AVMA funnels big money into big research
In a move designed to provide deeper insight into animal health and the veterinary profession, the American Veterinary Medical Association (AVMA) is funneling half a million dollars toward new initiatives to strengthen economics of the veterinary profession and advance veterinary research and discovery.
In the June 15 issue of the Journal of the American Veterinary Medical Association (JAVMA), the AVMA will announce it will undertake an economic analysis of the U.S. veterinary workforce, and will fund a national network to support health and wellness studies that benefit companion animals and horses.
AVMA strategic funds will pay for the two initiatives, which will end up totaling more than half a million dollars. Up to $330,000 will be spent on the workforce study, and $250,000 to implement the network of research program.
The association approved both proposals in April; work on the study begins this year, and is expected to be completed in 2013.
According to the AVMA, the workforce study will identify, quantify and evaluate various economic, demographic, technologic and sociologic factors that influence the supply and demand for veterinarians and veterinary services across the nation.
An economics consulting firm will conduct the study, and will also create a veterinary workforce forecasting model to estimate future supply and demand.
Knowing how various factors can drive demand for veterinary services will help to ensure the profession’s economic viability, according to Link Welborn, chair of the Veterinary Economics Strategy Committee.
"The relative supply of veterinarians and the demand for the services of those veterinarians obviously has a significant impact on the economics of the profession," Welborn said in the JAVMA article. "Understanding the dynamics of supply and demand for each of the major segments within the veterinary workforce is critical to understanding and potentially influencing the overall economics of those segments."
In gaining a big picture of the veterinary workforce, the AVMA hopes it will be able to have a positive impact on individual members of the profession, as well.
A recent study released May 30, 2012 by the National Research Council showed that veterinary workforce needs are not currently being met.
The condition of the present academic veterinary community may be leading research, food security, and public health needs to a train wreck if the current course is not altered, according to the report.
At the present rate, the academic veterinary community will not produce enough veterinarians for faculty teaching and research positions, nor for jobs in federal research and regulatory agencies, the pharmaceutical and biologics industry, and state diagnostic laboratories, according to the report.
The report notes that though the supply of veterinarians is growing, more than half of veterinary students are pursuing training in companion animal or pet medicine rather than the research, food security and public health sectors.
The economy has also handicapped students who may have gone on to seek Ph.D. training for faculty teaching and research positions, burdening them under massive student debt and keeping them from pursuing further education and key jobs in the public sector, according to the report.
The AVMA’s national network of animal health studies, tentatively dubbed the Animal Health Network (AHN), will be designed to increase investment in pet and equine health studies by joining like-minded foundations together in research collaboration. The AVMA cited the Cat Health Network as a successful species-specific pilot project of the AHN.
For the Cat Health Network, several feline organizations and the American Veterinary Medical Foundation (AVMF) came together to provide $100,000 annually for feline health studies in U.S. and foreign laboratories.
The AVMF says the AHN might model its marketing and business strategy after the Children’s Miracle Network, where donors could make contributions to a local chapter. Donors could elect to have their donation go to a specific project, or could donate to the fund as a whole.

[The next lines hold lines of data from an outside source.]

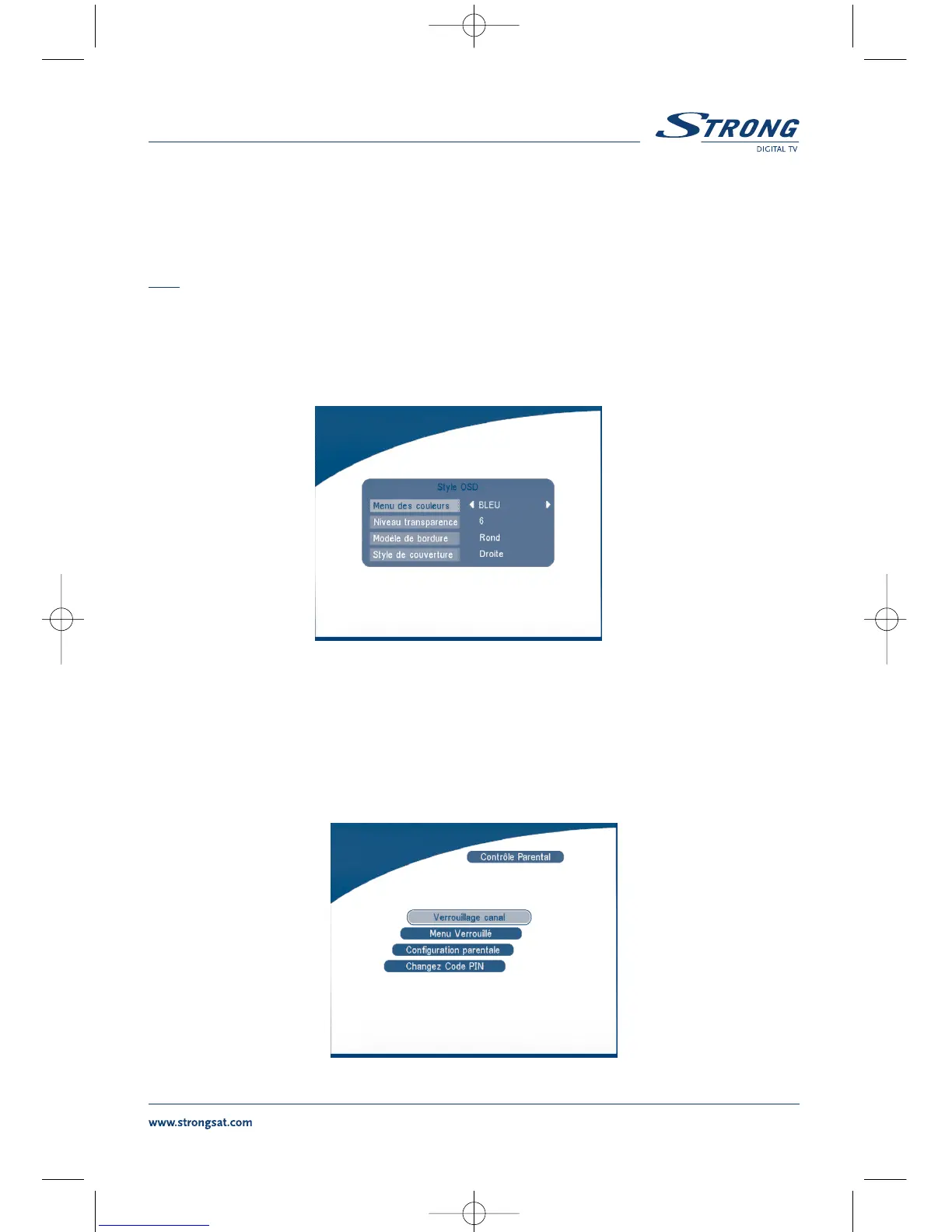 vérouillage du menu, les paramètres parentaux et changer le code PIN (montré sur l'ÉCRAN 40).
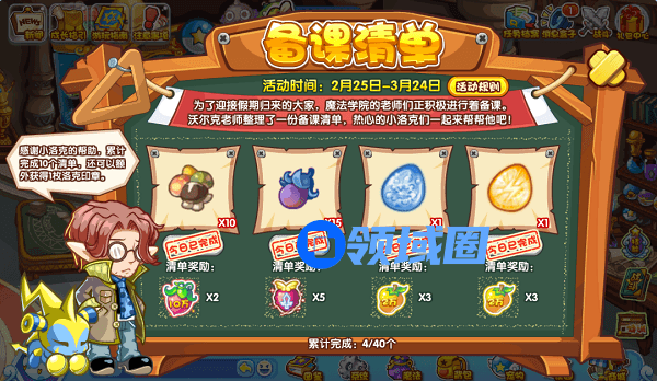2、为了迎接假期归来的大家,魔法学院的老师们正积极进行着备课。沃尔克老师整理了一份备课清单,热心的小洛克们一起来帮帮他吧!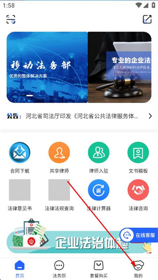 1、打開律小友APP,點(diǎn)擊底部導(dǎo)航欄最右側(cè)的我的選項(xiàng)。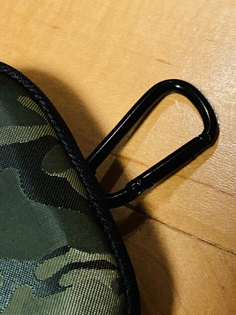 なんとカラビナ付きです。アウトドアグッズみたいに、このままバックパックにぶら下げる事が出来ます。ぶら下げる事があるか疑問ですが。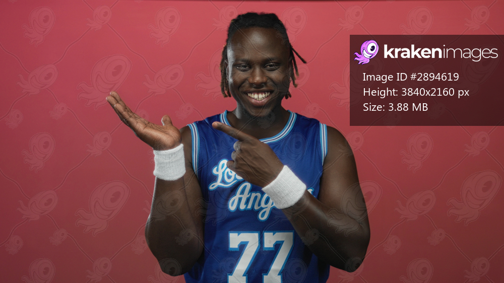 Man points finger to open palm in pink studio wearing blue basketball jersey and white wristbands; joy playfulness.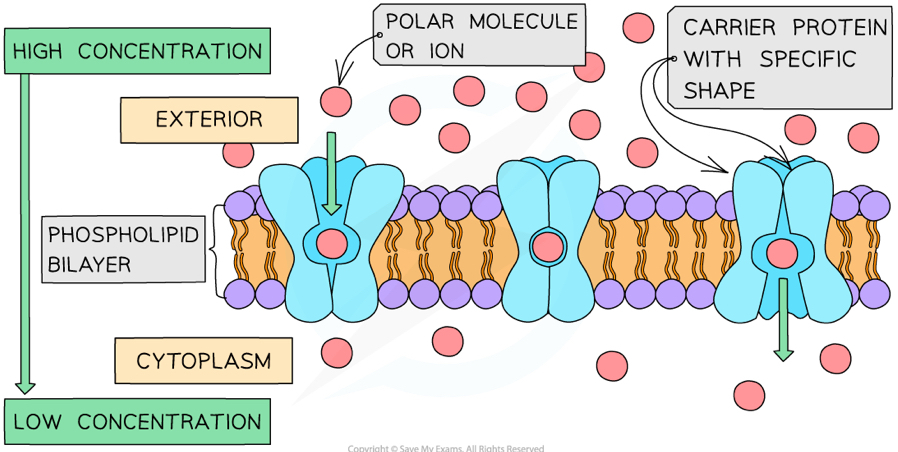 ~ Use of transport proteins to move large molecules (Amino acids and glucose) and polar molecules (ions).
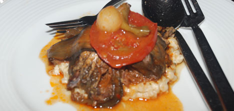 Patlıcana sarılı Kuzu Kızartması Fesleğenli Buğday ile enfes bir sofra düzeni hazırlanmıştı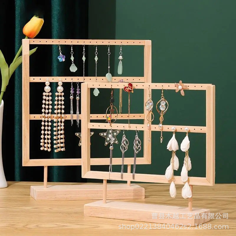 Wooden Earrings Hanging Rack Solid Wood Ear Studs Earrings Display Stand Counter Jewelry Display Rack Shooting Props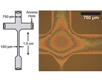 Gaithersburg MD (SPX) Jun 17, 2008 While the results may not rival the artistry of glassblowers in Europe and Latin America, researchers at the National Institute of Standards and Technology (NIST) and Cornell University have found beauty in a new fabrication technique called 'nanoglassblowing" that creates nanoscale (billionth of a meter) fluidic devices used to isolate and study single molecules in solution-including individual DNA strands. The novel method is described in a paper posted online next week in the journal Nanotechnology. Traditionally, glass micro- and nanofluidic devices are fabricated by etching tiny channels into a glass wafer with the same lithographic procedures used to manufacture circuit patterns on semiconductor computer chips. The planar (flat-edged) rectangular canals are topped with a glass cover that is annealed (heated until it bonds permanently) into place. About a year ago, the authors of the Nanotechnology paper observed that in some cases, the heat of the annealing furnace caused air trapped in the channel to expand the glass cover into a curved shape, much like glassblowers use heated air to add roundness to their work. The researchers looked for ways to exploit this phenomenon and learned that they could easily control the amount of 'blowing out" that occurred over several orders of magnitude. As a result, the researchers were able to create devices with 'funnels" many micrometers wide and about a micrometer deep that tapered down to nanochannels with depths as shallow as 7 nanometers-approximately 1,000 times smaller in diameter than a red blood cell. The nanoglassblown chambers soon showed distinct advantages over their planar predecessors. 'In the past, for example, it was difficult to get single strands of DNA into a nanofluidic device for study because DNA in solution balls up and tends to bounce off the sharp edges of planar channels with depths smaller than the ball," says Cornell's Elizabeth Strychalski. 'The gradually dwindling size of the funnel-shaped entrance to our channel stretches the DNA out as it flows in with less resistance, making it easier to assess the properties of the DNA," adds NIST's Samuel Stavis. Future nanoglassblown devices, the researchers say, could be fabricated to help sort DNA strands of different sizes or as part of a device to identify the base-pair components of single strands. Other potential applications of the technique include the manufacture of optofluidic elements-lenses or waveguides that could change how light is moved around a microchip-and rounded chambers in which single cells could be confined and held for culturing. This work was supported in part by Cornell's Nanobiotechnology Center, part of the National Science Foundation's Science and Technology Center Program. It was performed while Samuel Stavis held a National Research Council Research Associateship Award at NIST. Community Email This Article Comment On This Article Share This Article With Planet Earth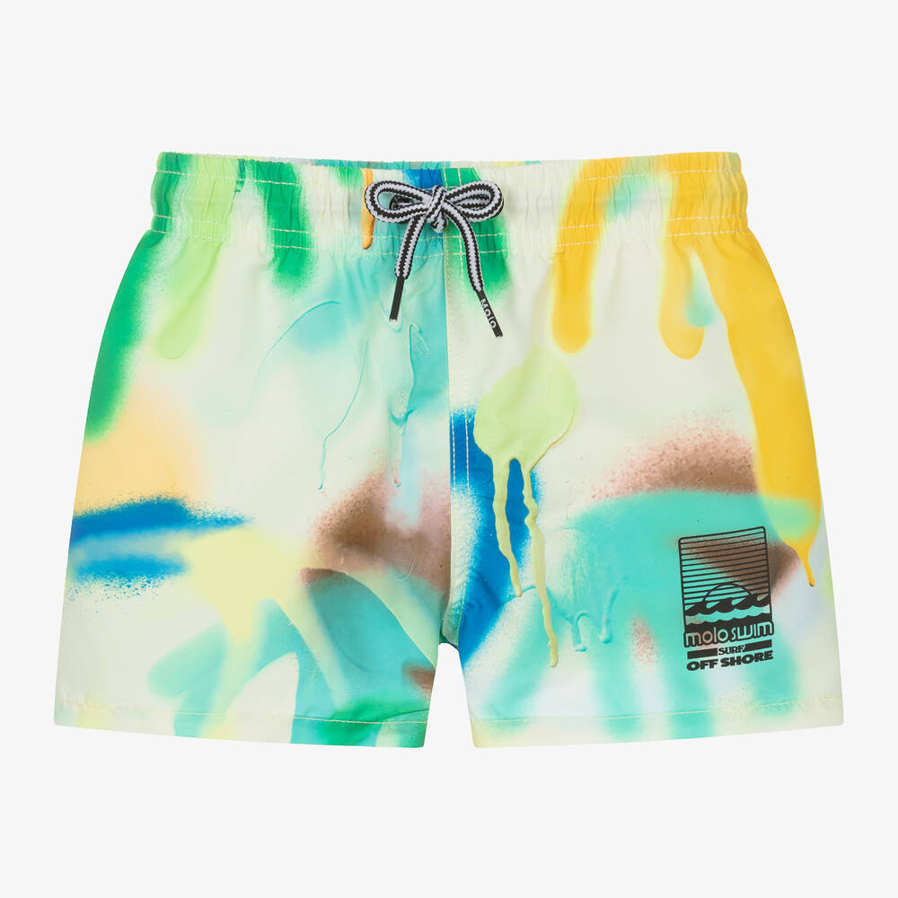 Green UPF50+ swim shorts for boys by Danish brand Molo, with a cool and colourful spray paint print. Silky smooth and lightweight, they are lined in soft mesh for comfort, with a drawstring waist for an adjustable fit and a faux pocket on the back. To complete the look, there is a surf-themed logo print in black on the front.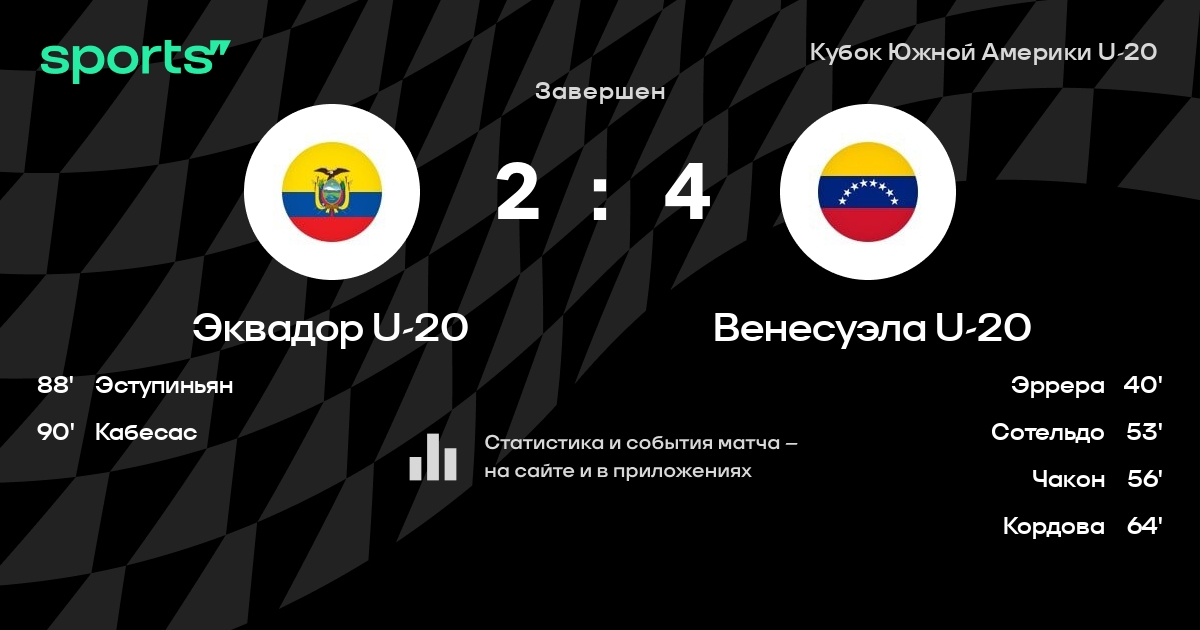 Трансляция Эквадор U-20 - Венеcуэла U-20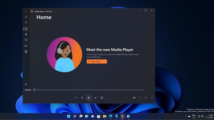 Anteriormente, os desenvolvedores adicionaram um Windows Media Player redesenhado ao Windows 11, que começou a corresponder ao estilo moderno da plataforma de software. Parece que o player é baseado no Groove Music. Em uma das compilações de teste lançadas recentemente do Windows 11, o player recebeu suporte para reproduzir CDs.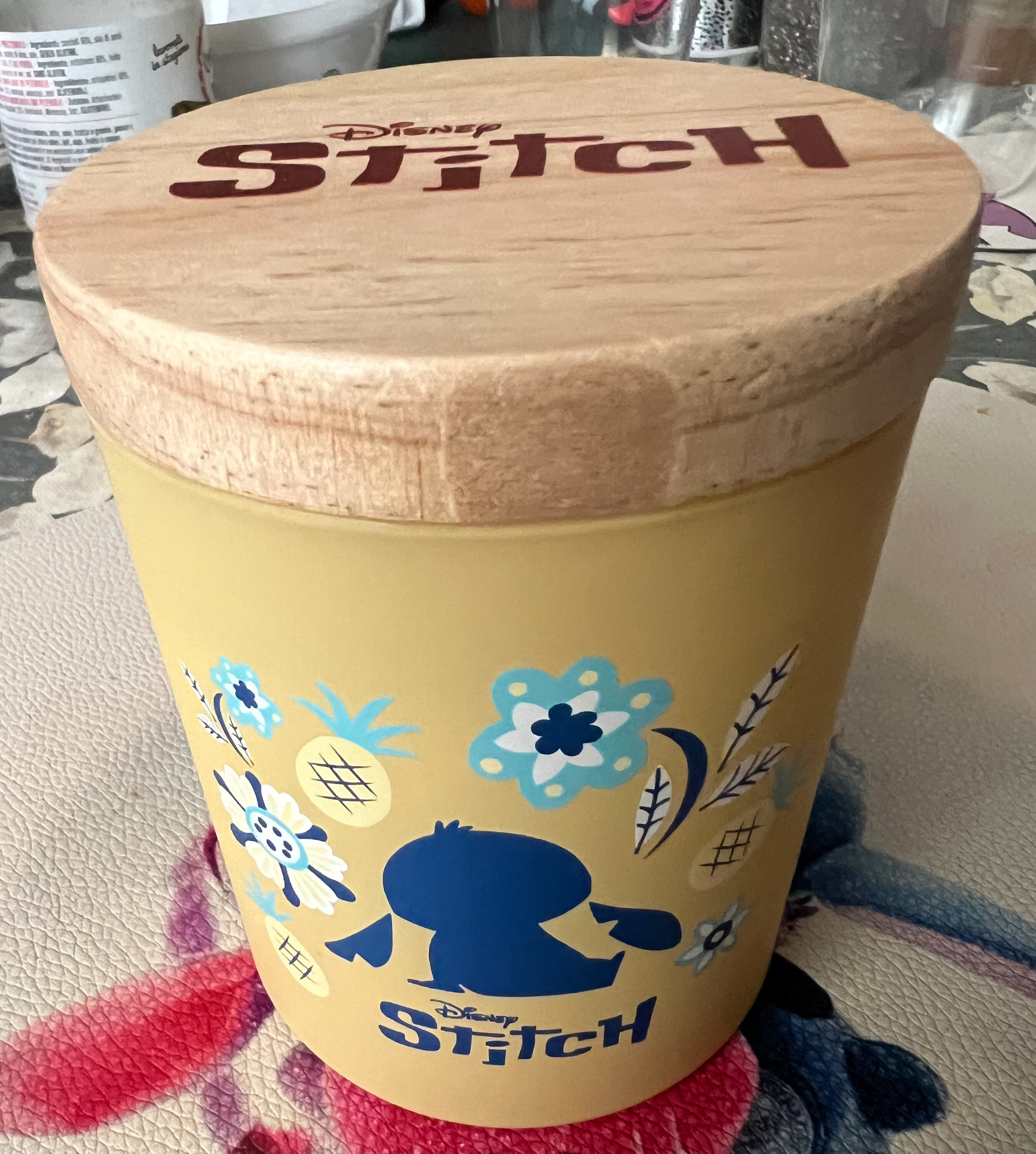 Présentée dans un élégant pot en verre jaune orné d'une silhouette ludique de Stitch , la bougie est dotée d'un couvercle charmant et est accompagnée d'une boîte cadeau jaune assortie, ce qui en fait le complément idéal de toute collection Disney.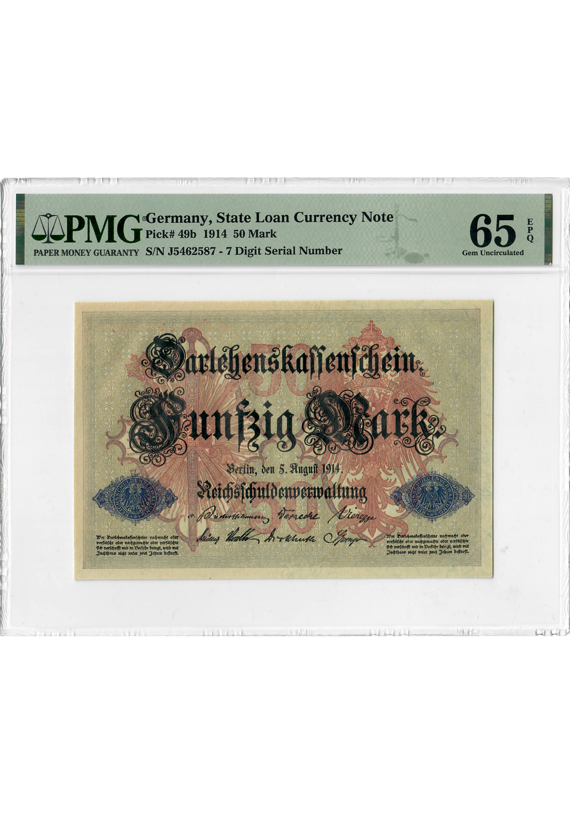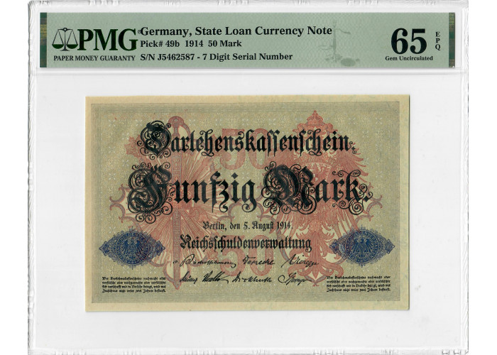 Німеччина 50 марок 1914, PMG 65 EPQ, "Державний позиковий банкнот", Pick# 49b
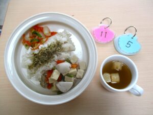 2025年11月5日(水) 公開日: 2025年11月5日更新日: 2025年11月5日著者: aikouカテゴリー: 愛光こども園, 愛光こども園給食献立 *今日の給食* ・ごはん ・高野豆腐と野菜の煮物 ・おかか和え ・みそ汁 ・じゃこふりかけ *今日のおやつ* ・牛乳 ・かぼちゃクッキー
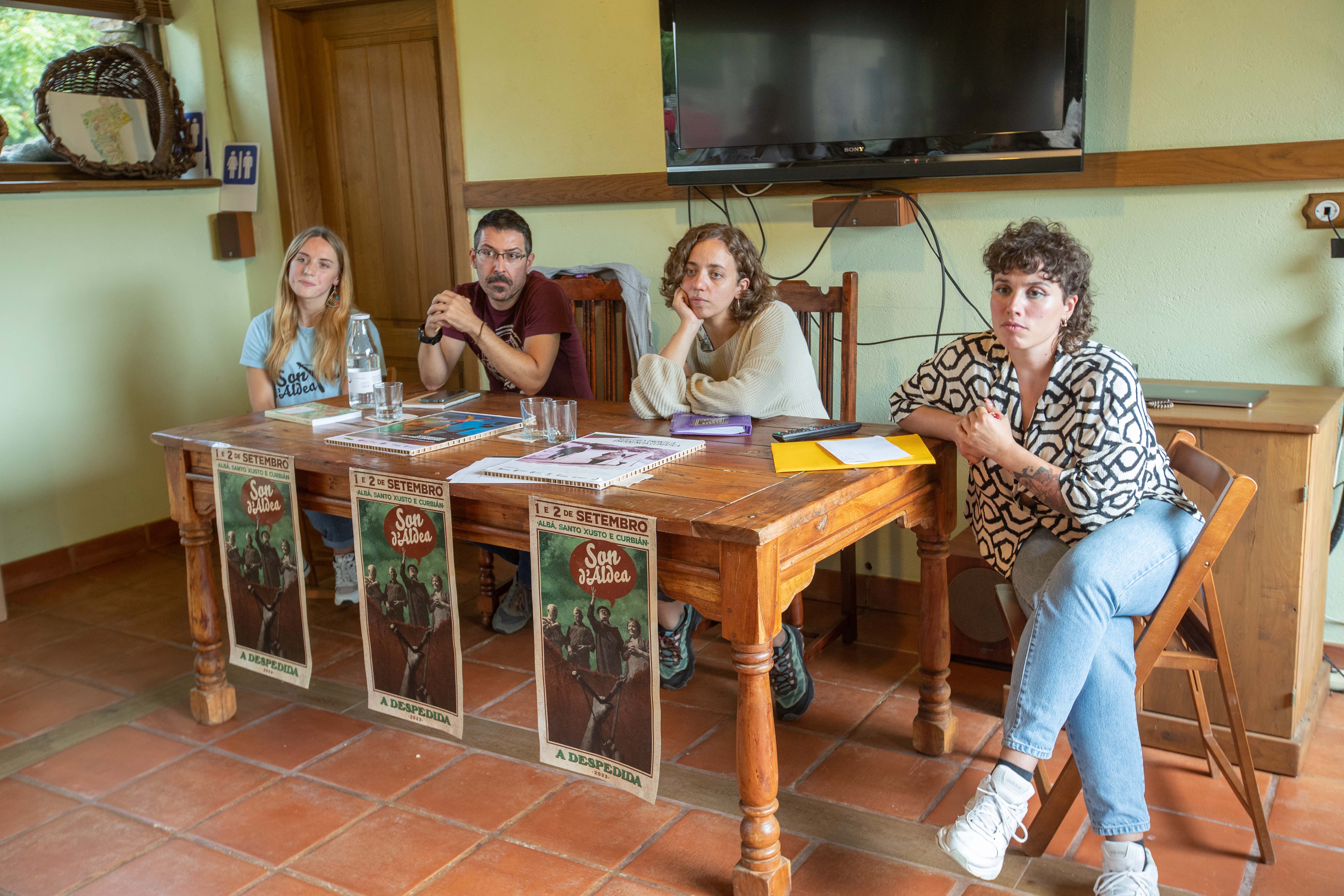 | SON D´ALDEA avivece de novo. Baixo a sombra das carballeiras, ao pé das casas de Curbián e a carón do río Roxán, percorremos as despedidas que axexan na aldea. Despedimos o rapaz e unha criada nena; lembramos a marcha á emigración; choramos unha cadela e unha vaca; a muller despide os queridos, o caseiro un lugar sen saber a onde ir; sentimos o baleiro de quen morre e as meigas axexan. Os nenos xogan a matar con escopetas de pau. Despedimos ao son vida. | |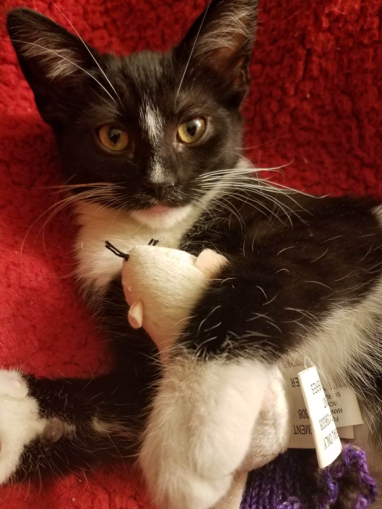 I’ve been very busy the last two weeks. I’m growing like a weed (that’s what Kitten Mom says…) and I’m learning lots of new things and developing some wonderful skills. I can now streak up the screen door all the way to the top every time the Kitten Mom tries to come in! I love to race through my crackly tube when we go downstairs. I can jump higher and race faster then ever, and there are so many wonderful things that I can do now.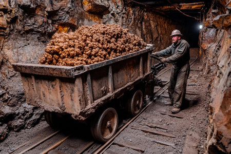 A dedicated miner pushes a heavy cart filled with ore along worn tracks deep within a dimly lit underground tunnel, showing the effort and determination involved in mining.

In the JAVMA article, Council on Research Chair Kent Lloyd said such a network is long overdue.
"The Animal Health Network has long been a dream for the members of the (Council on Research), who have spent several years discussing and working with AVMA to address the desperate need for increasing support for research into diseases and disorders that afflict animals, particularly companion animals," Lloyd said in JAVMA.
Lloyd said the new network would expand scientific investigation into enhanced diagnostics, novel therapeutics and new preventative strategies to improve animal health.